Exercise -
Leave out every picture, and output exactly the lines from the line containing "ca. 1962, Faltprospekt" through the last line of the data.

Material supplied -
== Segment start ==

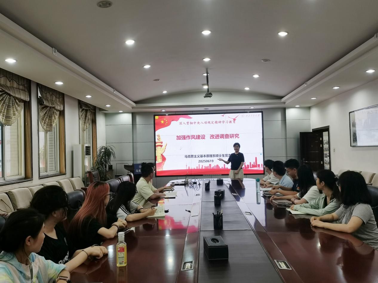 为深入贯彻中央八项规定精神学习教育,强化学生党员纪律意识与作风建设,切实推动党规党纪学习教育入脑入心,MissAV 副院长贺苗于2025年6月19日在208会议室为马克思主义基本原理系硕士生党支部讲授“加强作风建设 改进调查研究”专题党课。
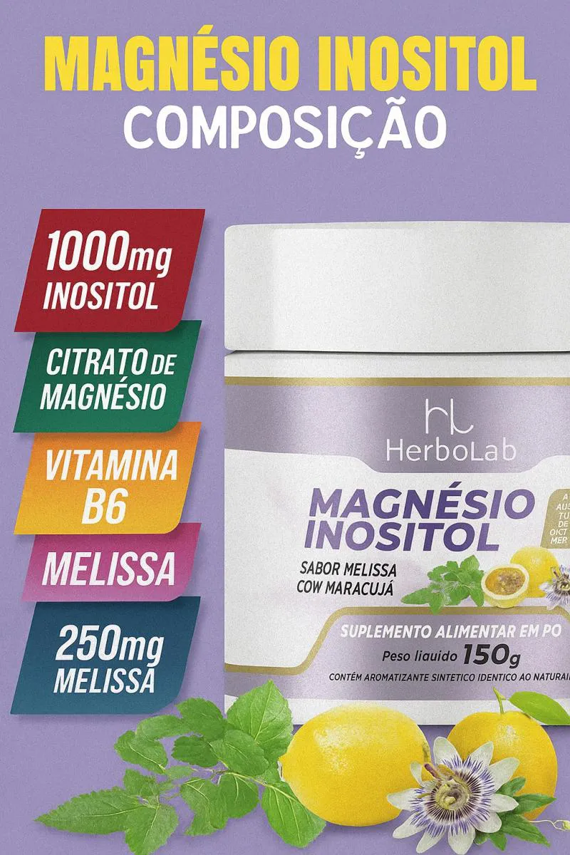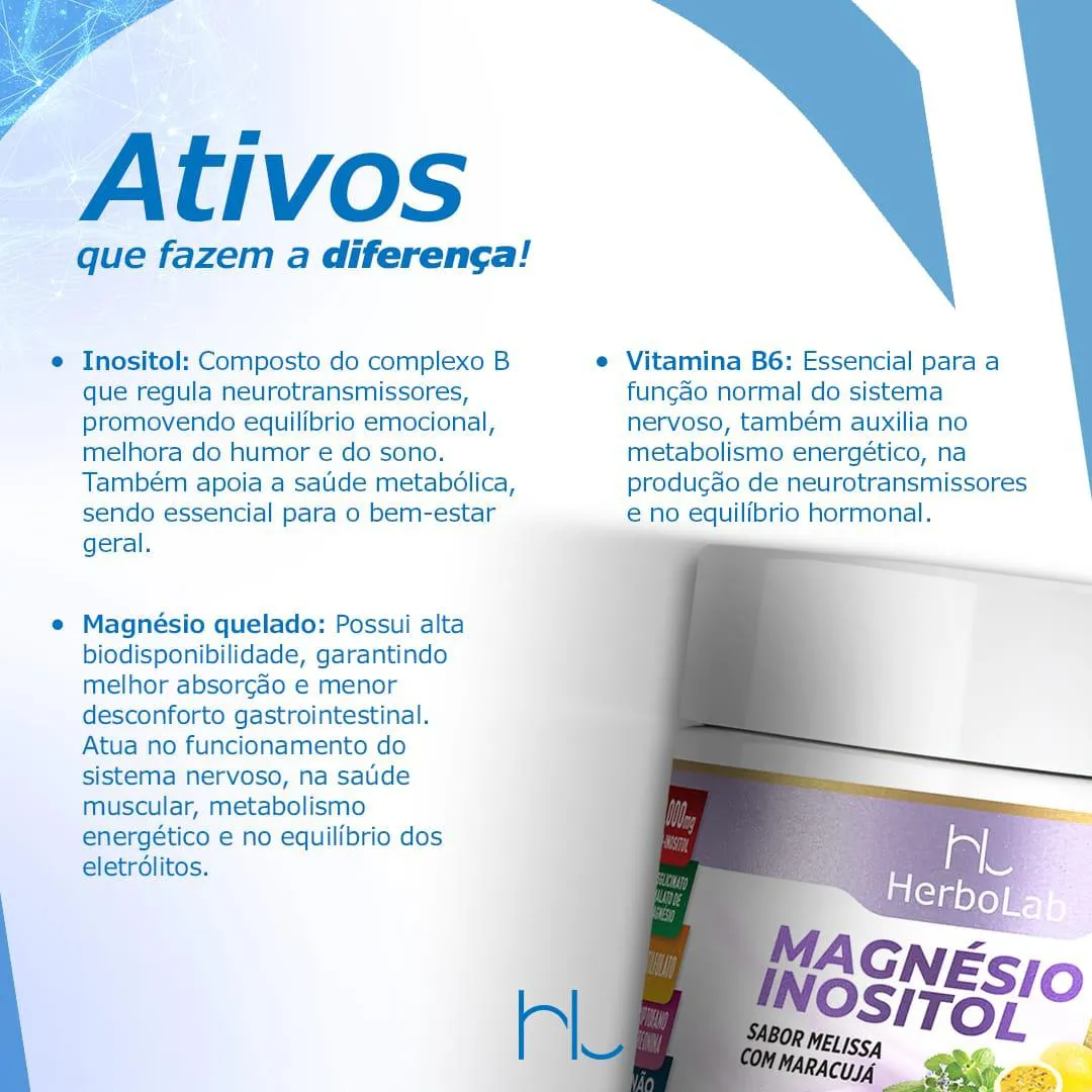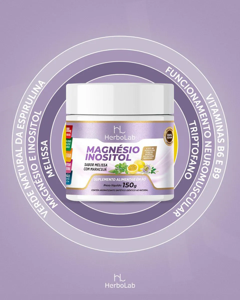 O Magnésio Inositol da Herbolab serve para promover o relaxamento, melhorar o humor e a qualidade do sono. Ele combina magnésio, inositol e geralmente inclui vitaminas B6 e B9 para ajudar a reduzir o estresse, ansiedade e melhorar o bem-estar mental e emocional. Benefícios do Magnésio Inositol Herbolab -Combate ao estresse e ansiedade: A combinação de inositol e magnésio pode ajudar a diminuir hormônios do estresse e irritabilidade, promovendo uma sensação de calma. -Melhora da qualidade do sono: Auxilia no relaxamento mental e físico, contribuindo para noites de sono mais tranquilas e combate à insônia. -Equilíbrio emocional: Contribui para a regulação do humor, diminuindo a sensação de tristeza profunda e aumentando o bem-estar. -Apoio ao sistema nervoso: O magnésio quelado e a vitamina B6 presentes na fórmula fornecem suporte ao sistema nervoso. -Redução da fadiga: Ao melhorar a qualidade do sono, ajuda a combater o cansaço decorrente de noites mal dormidas. Composição: O produto contém magnésio, inositol e vitaminas B6 e B9. É formulado para ser livre de glúten e lactose. Modo de usar: O suplemento é frequentemente vendido em pó com sabor de maracujá, para ser dissolvido em água.
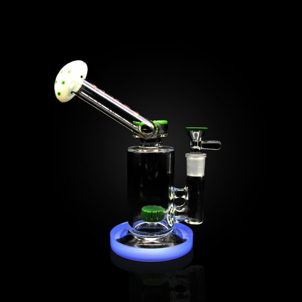 8” ALPHA MUSHROOM SHAPE SIDE MOUTHPIECE SHOWERHEAD PERC TOPPED WITH USA COLOR FIRE SHADES. COLOR BASE RIM WITH AND MATCHING HANDLE BOWLS GREEN APPLE
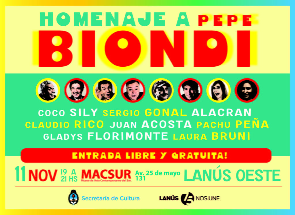 La Secretaría de Cultura del Municipio de Lanús llevará adelante un homenaje a Pepe Biondi, uno de los más grandes cómicos del país, oriundo de Remedios de Escalada.
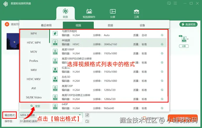 步骤2. 点击格式转换界面左下方的【输出格式】选项,并选择视频格式列表中的格式。在此步骤,您还可以根据需要,对转换的视频进行帧率/清晰度/音频格式等进行设置。
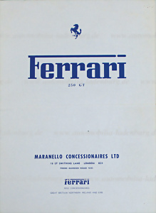 ca. 1962, Faltprospekt Ferrari 250GT Maranello Concessionaires LTD, 4 Seiten, innen mit Darstellung und Preise der Modelle Pininfarina Coupe 2+2, Pininfarina Cabriolet, Scaglietti Berlinetta, sowie Scaglietti Spyder California, engl. Text
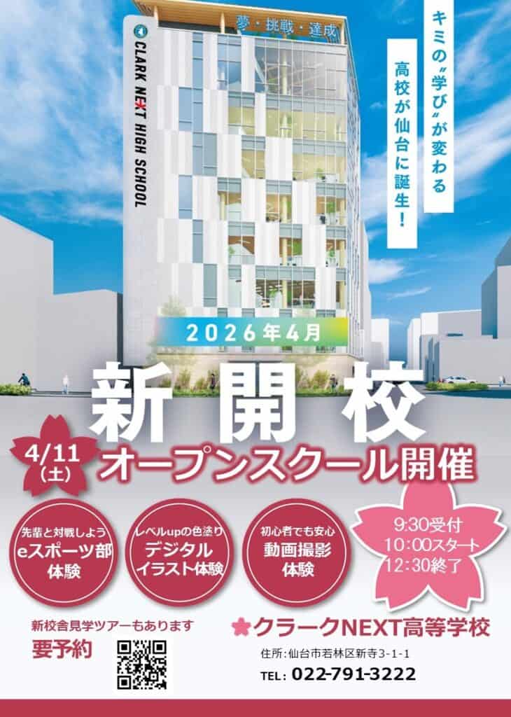 会場: クラークNEXT高等学校(仙台市若林区新寺3-1-1)

== Segment end ==

Task answer -
 ca. 1962, Faltprospekt Ferrari 250GT Maranello Concessionaires LTD, 4 Seiten, innen mit Darstellung und Preise der Modelle Pininfarina Coupe 2+2, Pininfarina Cabriolet, Scaglietti Berlinetta, sowie Scaglietti Spyder California, engl. Text
 会場: クラークNEXT高等学校(仙台市若林区新寺3-1-1)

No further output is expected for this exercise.